Defenderness doesn't nearly overcome the overwhelming advantage that is focus fire in this edition. If the DM doesn't humor the players, here's what normally happens: the defender holds off one enemy and the monsters swarm past them and gangbang whoever is the most dangerous. And even if it did, defenders don't actually have that much higher defenses than everyone else to protect them if they do become the target of focus-fire.
RandomCasualty2
Prince
Posts: 3295
Joined: Sun May 25, 2008 4:22 pm

Post by RandomCasualty2 »

Lago PARANOIA wrote: This is even before we get into the fact that feats released in expansion material tend to favor the 'haves' over the 'have-nots'. Draconic Arrogance, Dwarven Stoneblood, Versatile Master, pretty much cemented Dragonborns' status as Tide of Iron Masters, Dwarves as Battlerager Fighters, and Half-Elves as high-level avengers.
Yeah, the racial specific feats, much more so than the ability modifiers, are the true thing that bends your arms behind your back and forces you to take a given race/class combo.
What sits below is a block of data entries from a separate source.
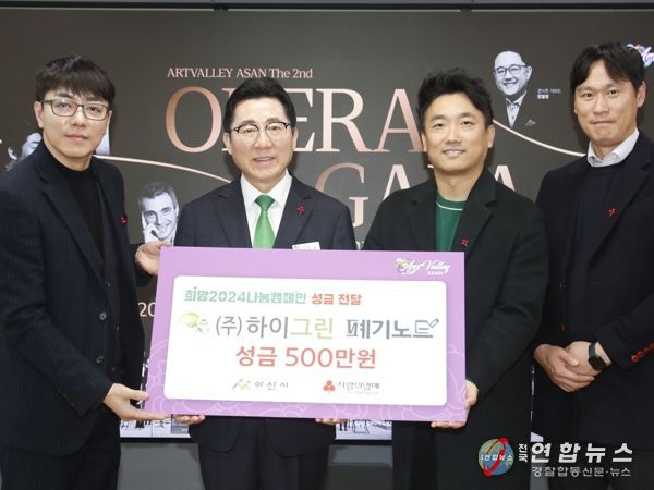 전국연합뉴스 김용태 기자 | 아산시는 지난 13일 ㈜하이그린&폐기노트로부터 ‘희망 2024 나눔 캠페인’ 이웃사랑 성금 500만 원을 전달받았다고 밝혔다.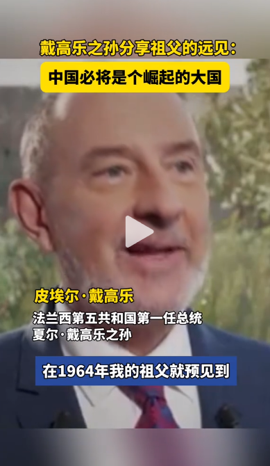 戴高樂(lè)之孫分享祖父對(duì)中國(guó)發(fā)展的遠(yuǎn)見:必將崛起的大國(guó)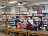 奈佐原文楽クラブが活動する日に、3名の保存会の方が来校して、指導をしてくださっています。今日は、代表の方の説明の後、実際に実演をして、様子をお伝えすることができました。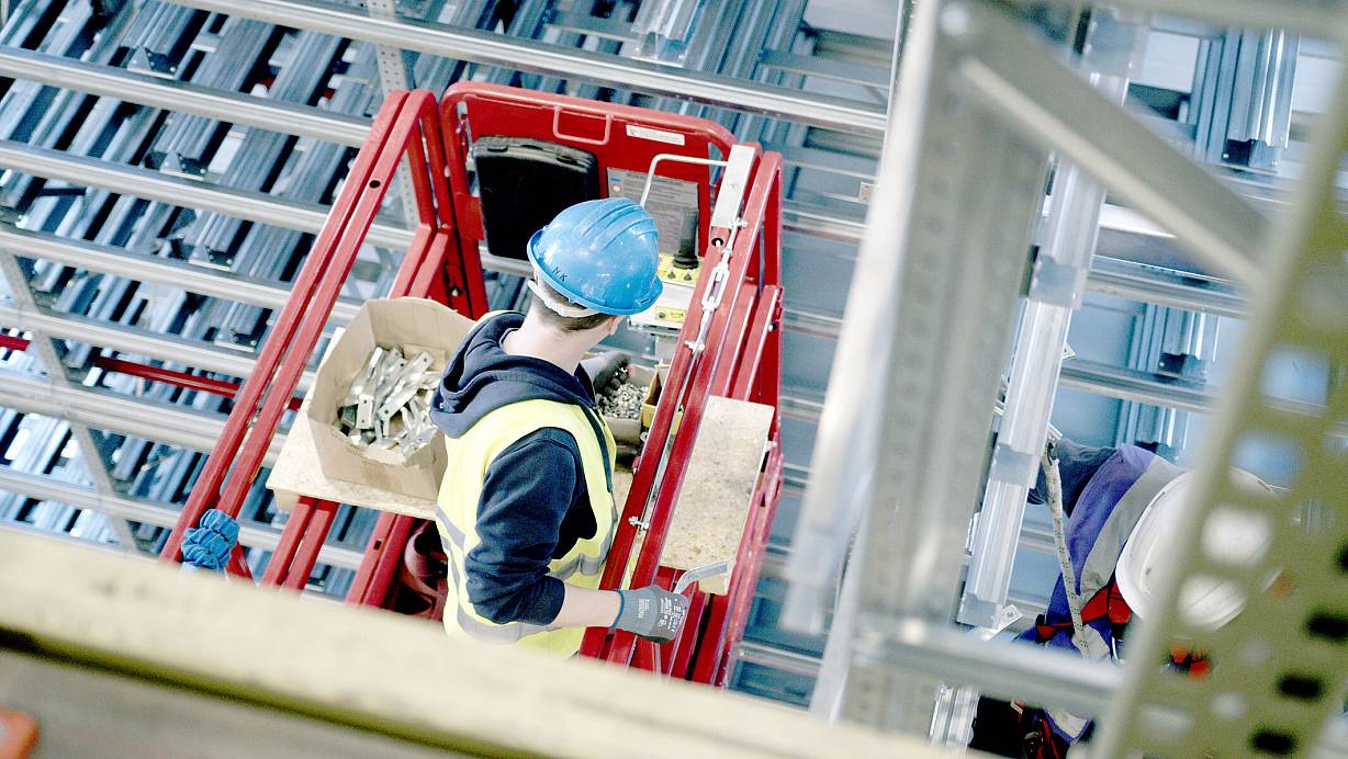 Im Herbst 2023 hatte die Firma Dresselhaus am Standort Herford ein neues, aufwendig modernisiertes Logistikzentrum eröffnet. Das Foto zeigt Arbeiten am automatisierten Behälter-Shuttle-Regal. | © Joseph Dresselhaus GmbH & Co. KG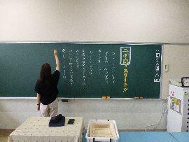 ◆いよいよ明日から2学期が始まります。菊先生は,子供たちを迎える最後の準備です。そうです。明日の朝,子供たちが教室に入った時に,迎えるメッセージを,菊先生は一生懸命考えながら,心を込めて書いていました。(後でもう度教室に行ってみたら,黒板の左側には「ドラえもん」が描いてありました。
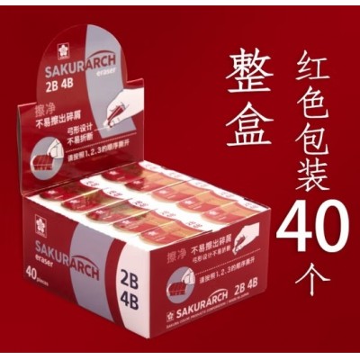 樱花(SAKURA) 樱花2b4B学生橡皮擦美术生专用素描绘画不易留痕擦得干净考试铅笔擦儿童学生文具 XRAJ-60CA红色四十个/盒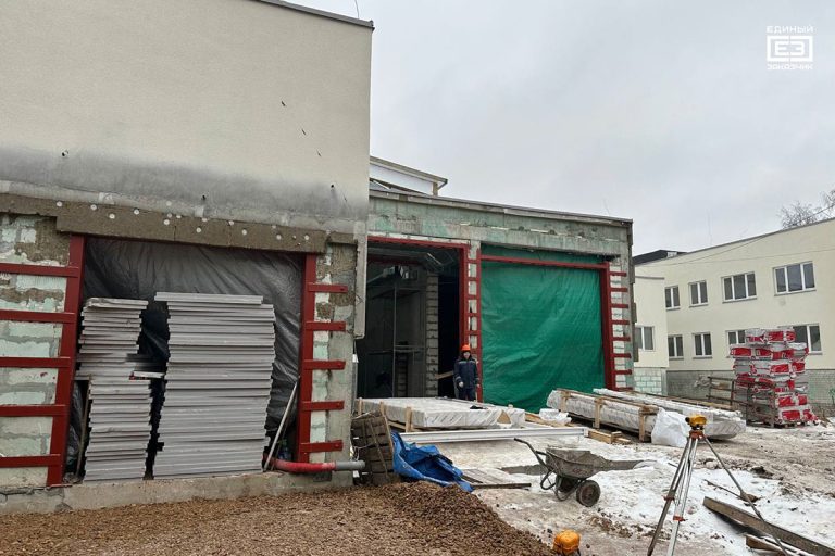 В административно-бытовом блоке здания цирка также продолжается устройство фасада и внутренняя отделка стен и перегородок.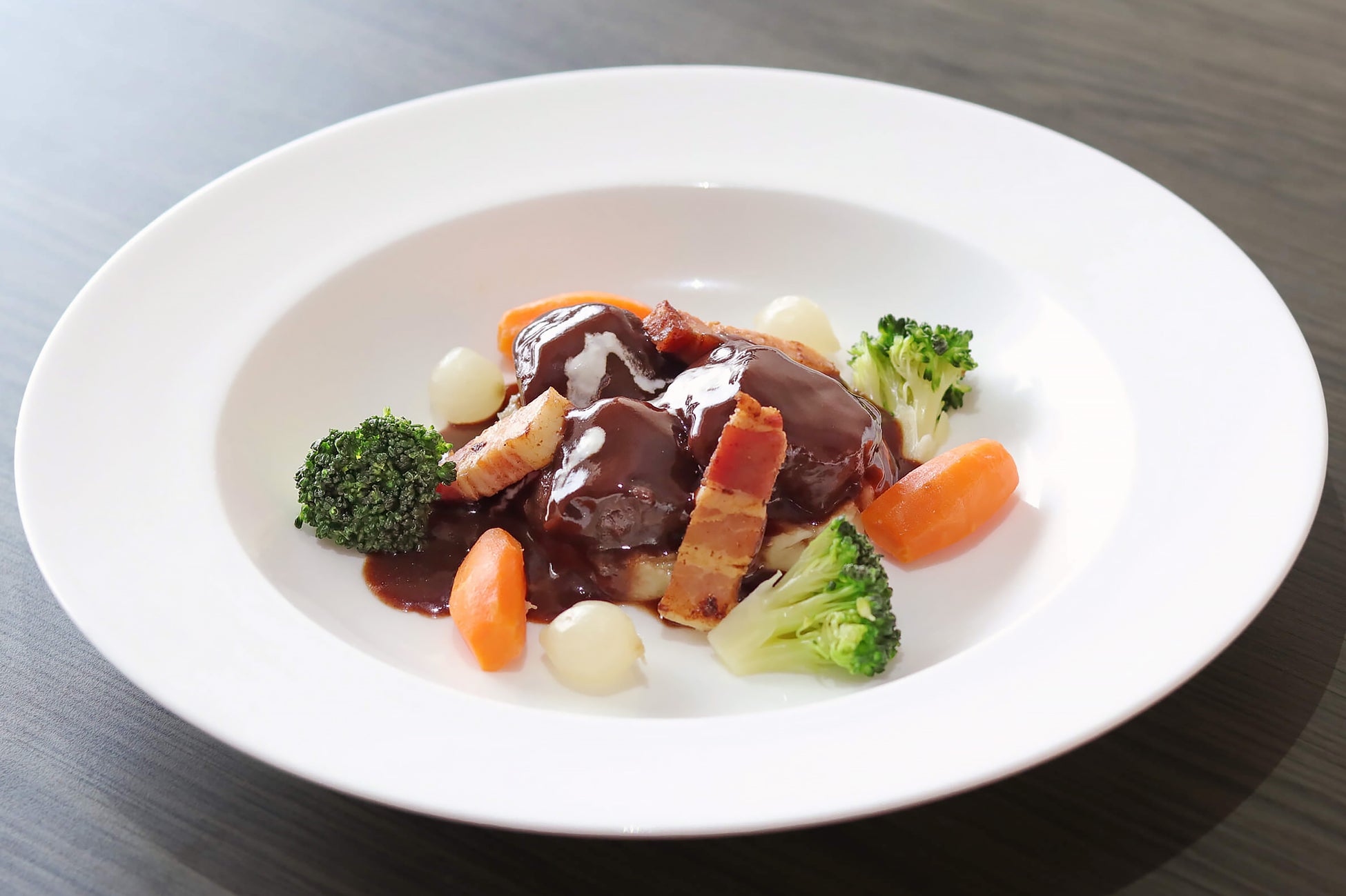 柔らかく煮込まれた群馬県産ニホンジカの赤ワイン煮は、芳醇な香りと奥深い味わいが特長で、リヨン風のやさしい酸味がジビエ特有の風味と絶妙に調和します。地元食材の魅力を最大限に引き出した一皿として、上州ジビエの新たな味覚体験を是非お楽しみください。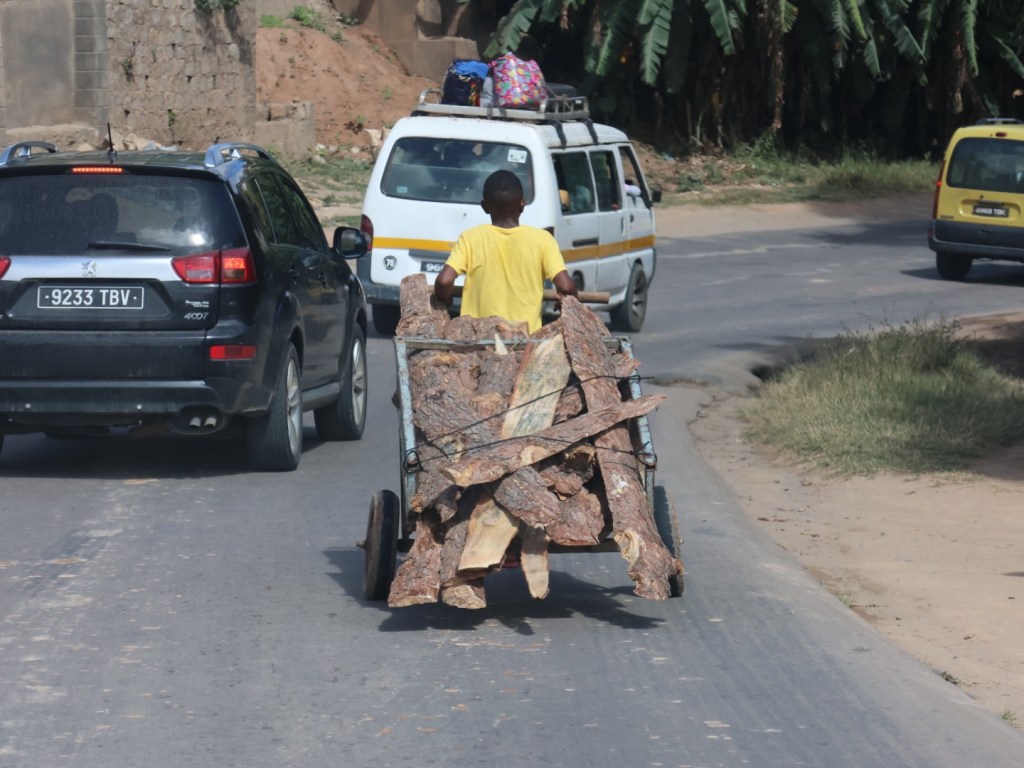 Nico has a fine line to drive between traffic of all kinds, nasty potholes, sharp drops off the bitumen.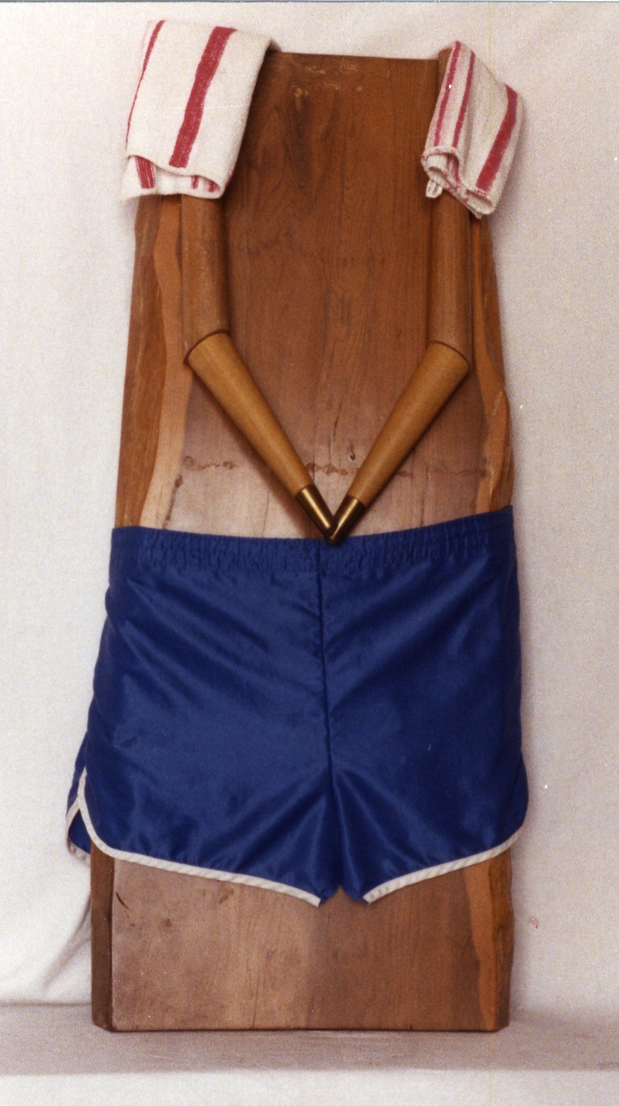 Materials and Techniques: Wood board, hand towel, gym shorts, assorted wooden forms, metal trim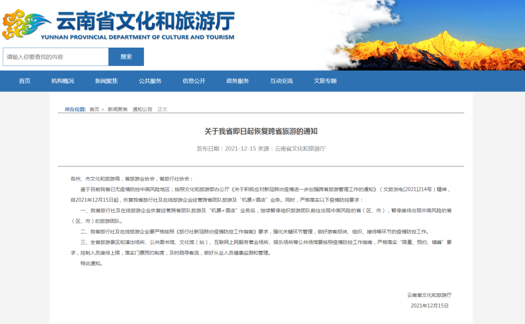 12月15日,云南省文化和旅游厅发布关于恢复跨省旅游的通知,自2021年12月15日起,恢复我省旅行社及在线旅游企业经营跨省团队旅游及“机票+酒店”业务。全文如下:
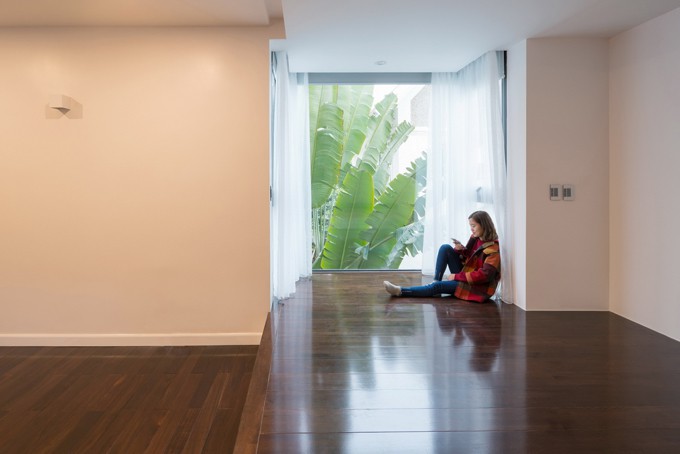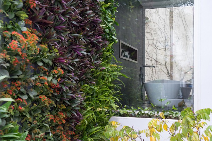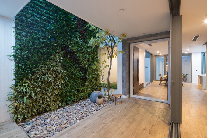 Mảng vườn thẳng đứng cao hai tầng với các loại cây lá phong phú thích hợp với điều kiện trồng trong nhà. Các phòng sử dụng khung cửa kính lớn để tận dụng tối đa nguồn sáng và tầm nhìn xanh mướt.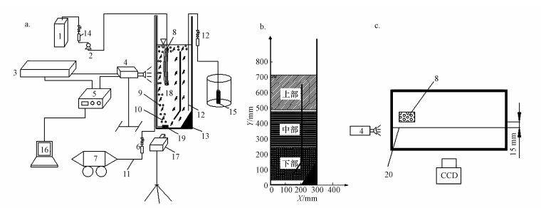 圖 1 四邊形折流式膜生物流化床實驗測試系統(tǒng)流程圖(a)、拍攝分區(qū)(b)和激光斷面分布圖(c) (1.出水箱, 2.蠕動泵, 3.激光電源, 4.激光器, 5.同步器, 6.氣體流量計, 7.空氣壓縮機, 8.膜組件, 9.氣泡, 10.椰殼活性炭, 11.進氣管, 12.進水管, 13.導流錐, 14.液體流量計, 15.潛水泵, 16.計算機, 17.相機, 18.四邊形流折流式膜生物流化床, 19.曝氣頭, 20.激光斷面)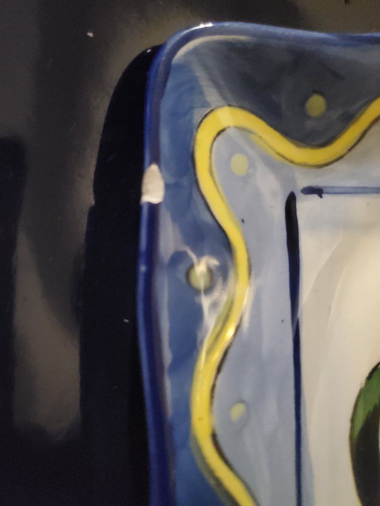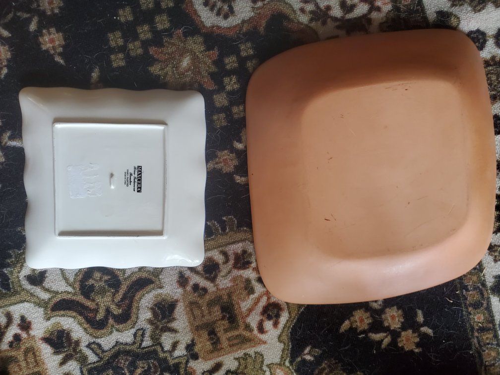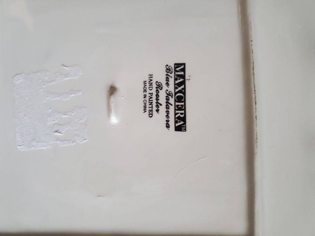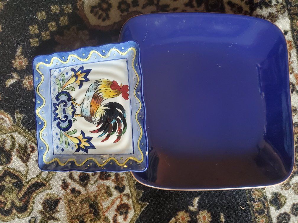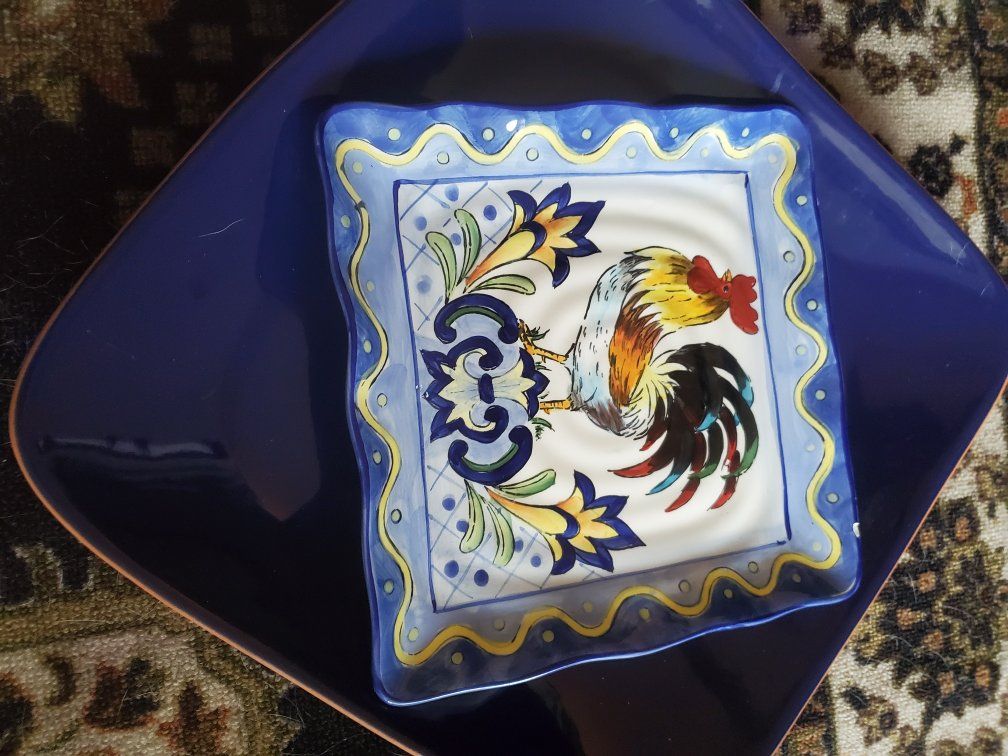 Venmo1 Very Lg (I believe it's 14"x14") You will find it in my Individually listed items too. Pure Terracotta Cobalt Blue Color. Excellent; No chips Condition! & 1 Maxcera Hand Painted China Discontinued Pattern Rooster Plate. 9"x9" It has a small chip on the top of it. Price reflects that. Plz text for fastest response. Cash or Venmo Pick up in So. Ogden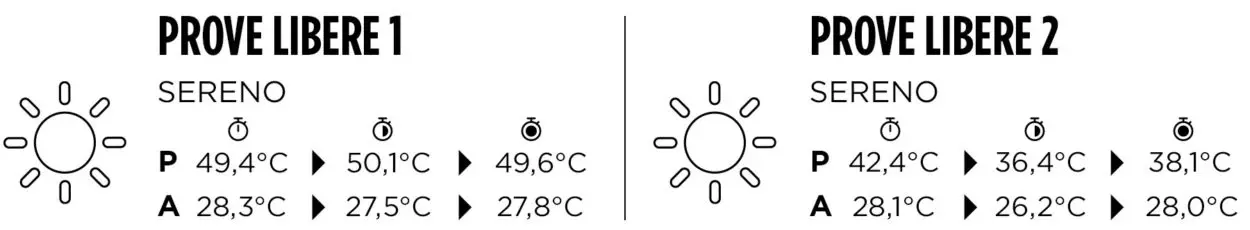 Como era de esperar , también debido a la fuerte lluvia que cayó ayer, la pista en la primera sesión todavía estaba bastante «verde» y el agarre que ofrecía el asfalto aumentaba rápidamente a medida que los coches circulaban. Esta rápida evolución de las condiciones de la pista también continuó en la segunda sesión, aunque en menor medida. El viento fue un factor perturbador, especialmente en la FP1, con las temperaturas permaneciendo bastante estables en torno a 27/28 °C en cuanto al aire, mientras que pasaba de una media de 50 °C en la primera sesión a 39 °C en la segunda, condiciones que podrían ser bastante similares a los esperados para la carrera del domingo.

Like honestly, who wouldn't make a dwarven battlerager?

The real problem is that feats in 4E tend to suck, except for a select few awesome ones. So you do everything you can to qualify. The bad news is that the designers made many of those good feats into racial feats.
AlexandraErin
1st Level
Posts: 29
Joined: Thu Jul 23, 2009 5:02 pm

Post by AlexandraErin »

@Roy:

The Rogue's only easier to hit if it's specifically a Swordmage or someone else who can swing a net +3 AC. If it's +2, then the mark means the Rogue's exactly as easy to hit. If the Defender is standing ground and the Rogue's mobile, the Rogue's hard to hit in ways that don't boil down to %/DPS calculations.

As I said, I know you guys strip the game of all tactics and play it like it's a video game where your choices are ATTACK ITEM RUN,

And "Higher priority target" is MMO PvP logic. If you want to play that way, more power to you, but I don't understand why you wouldn't rather play an MMO if that's what you're going for. I've read you guys sneering at the idea that we 4E defenders are saying the system isn't broken because the DM can fix it. No, actually, the system isn't broken because it posits a DM and not a competing player at your game of DPS Battlechess.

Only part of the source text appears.